**What this task involves:**
Go through the listing below and write out exactly the lines from the one that mentions "za osobu | ||" through the one that mentions "For Honor Magic", minus the pictures.

**Raw data:**
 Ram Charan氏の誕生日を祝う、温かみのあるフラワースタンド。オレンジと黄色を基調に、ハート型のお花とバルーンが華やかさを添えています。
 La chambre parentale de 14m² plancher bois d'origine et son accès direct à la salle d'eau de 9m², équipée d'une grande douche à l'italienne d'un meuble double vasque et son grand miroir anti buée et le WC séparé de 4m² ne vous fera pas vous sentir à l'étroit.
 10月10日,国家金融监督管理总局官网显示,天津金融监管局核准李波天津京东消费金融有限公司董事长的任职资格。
--
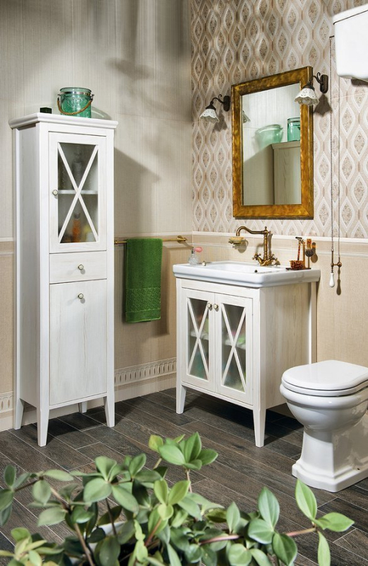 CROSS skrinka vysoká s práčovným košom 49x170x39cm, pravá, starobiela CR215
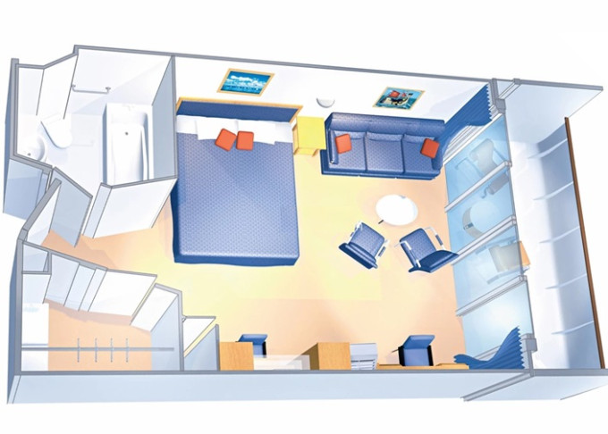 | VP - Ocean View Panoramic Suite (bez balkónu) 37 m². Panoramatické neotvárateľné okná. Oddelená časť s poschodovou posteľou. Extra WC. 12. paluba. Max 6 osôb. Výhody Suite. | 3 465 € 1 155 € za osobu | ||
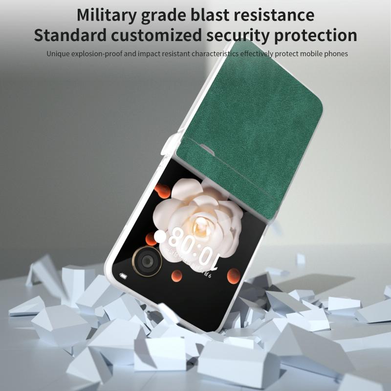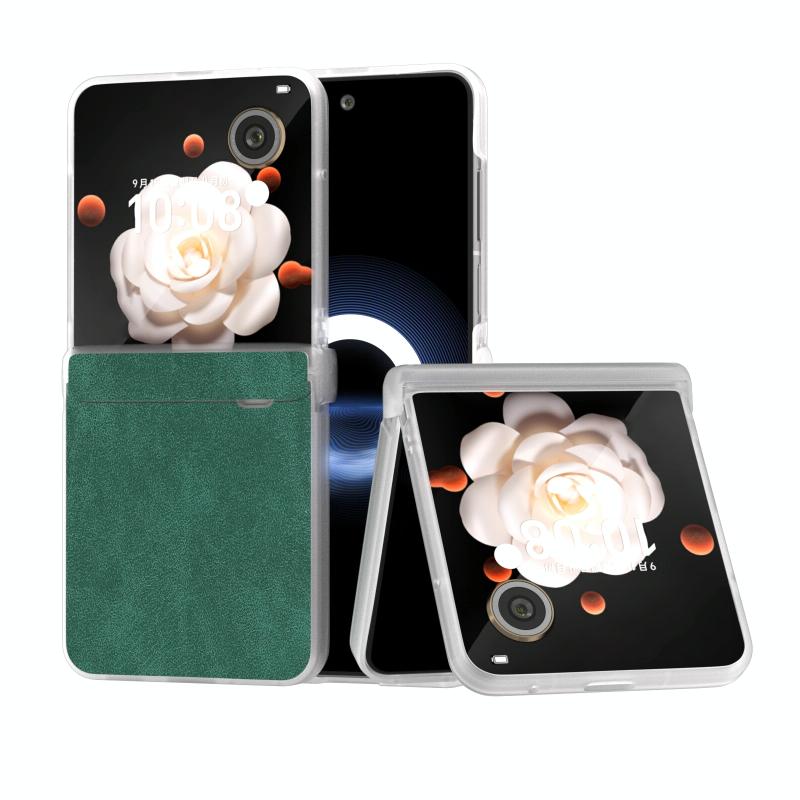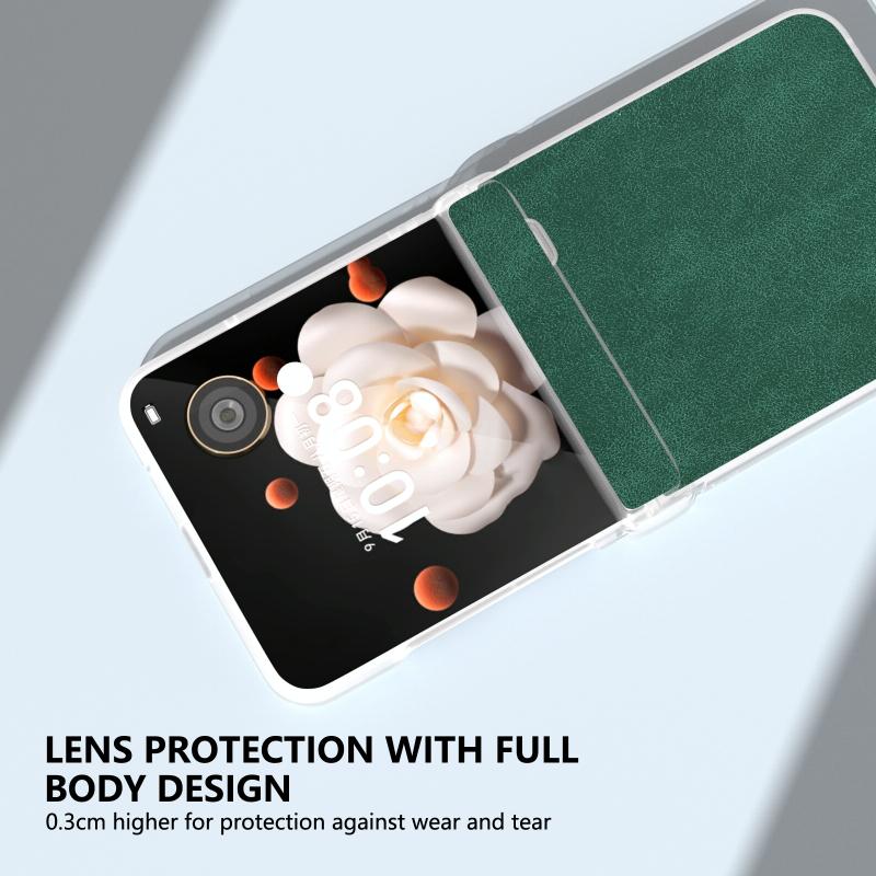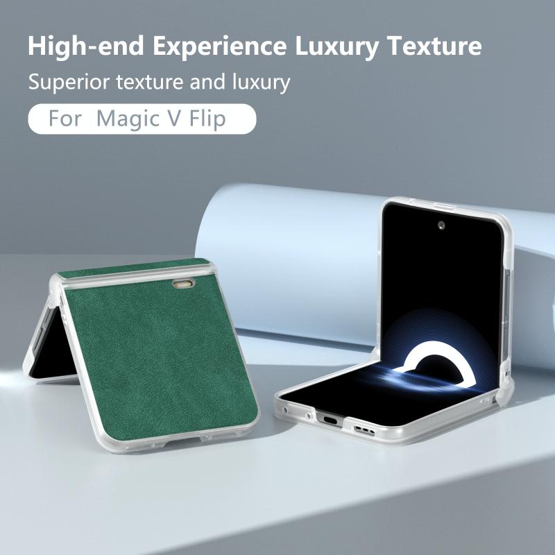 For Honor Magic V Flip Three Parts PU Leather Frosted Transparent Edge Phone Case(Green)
...
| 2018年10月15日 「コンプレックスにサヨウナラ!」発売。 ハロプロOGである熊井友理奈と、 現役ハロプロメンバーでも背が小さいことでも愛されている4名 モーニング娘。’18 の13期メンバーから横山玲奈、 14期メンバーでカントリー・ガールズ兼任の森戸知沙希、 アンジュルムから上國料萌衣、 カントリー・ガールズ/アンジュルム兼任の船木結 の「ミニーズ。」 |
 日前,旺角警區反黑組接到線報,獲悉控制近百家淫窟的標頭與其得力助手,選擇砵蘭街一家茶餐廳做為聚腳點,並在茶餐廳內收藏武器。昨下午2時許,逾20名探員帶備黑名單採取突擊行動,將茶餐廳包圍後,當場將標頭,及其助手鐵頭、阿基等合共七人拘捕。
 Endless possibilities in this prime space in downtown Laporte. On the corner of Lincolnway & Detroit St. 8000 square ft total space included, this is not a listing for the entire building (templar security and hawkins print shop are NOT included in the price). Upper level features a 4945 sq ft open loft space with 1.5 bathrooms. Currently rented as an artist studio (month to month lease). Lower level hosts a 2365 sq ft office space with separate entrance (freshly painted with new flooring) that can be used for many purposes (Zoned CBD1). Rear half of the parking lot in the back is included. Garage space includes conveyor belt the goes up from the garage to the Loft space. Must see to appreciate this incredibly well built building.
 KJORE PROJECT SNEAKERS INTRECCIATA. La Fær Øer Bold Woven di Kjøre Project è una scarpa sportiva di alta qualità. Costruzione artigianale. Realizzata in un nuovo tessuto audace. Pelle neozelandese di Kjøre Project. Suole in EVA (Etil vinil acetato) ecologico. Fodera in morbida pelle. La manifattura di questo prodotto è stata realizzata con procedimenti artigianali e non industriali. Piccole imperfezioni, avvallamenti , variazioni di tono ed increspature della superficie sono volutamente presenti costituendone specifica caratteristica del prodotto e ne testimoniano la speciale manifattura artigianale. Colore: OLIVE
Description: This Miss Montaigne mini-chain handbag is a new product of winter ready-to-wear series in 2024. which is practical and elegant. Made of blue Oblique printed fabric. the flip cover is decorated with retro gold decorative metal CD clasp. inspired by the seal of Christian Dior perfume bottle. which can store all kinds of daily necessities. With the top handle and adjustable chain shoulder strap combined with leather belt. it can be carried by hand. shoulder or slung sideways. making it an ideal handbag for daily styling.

**Answer:**
 | VP - Ocean View Panoramic Suite (bez balkónu) 37 m². Panoramatické neotvárateľné okná. Oddelená časť s poschodovou posteľou. Extra WC. 12. paluba. Max 6 osôb. Výhody Suite. | 3 465 € 1 155 € za osobu | ||
 For Honor Magic V Flip Three Parts PU Leather Frosted Transparent Edge Phone Case(Green)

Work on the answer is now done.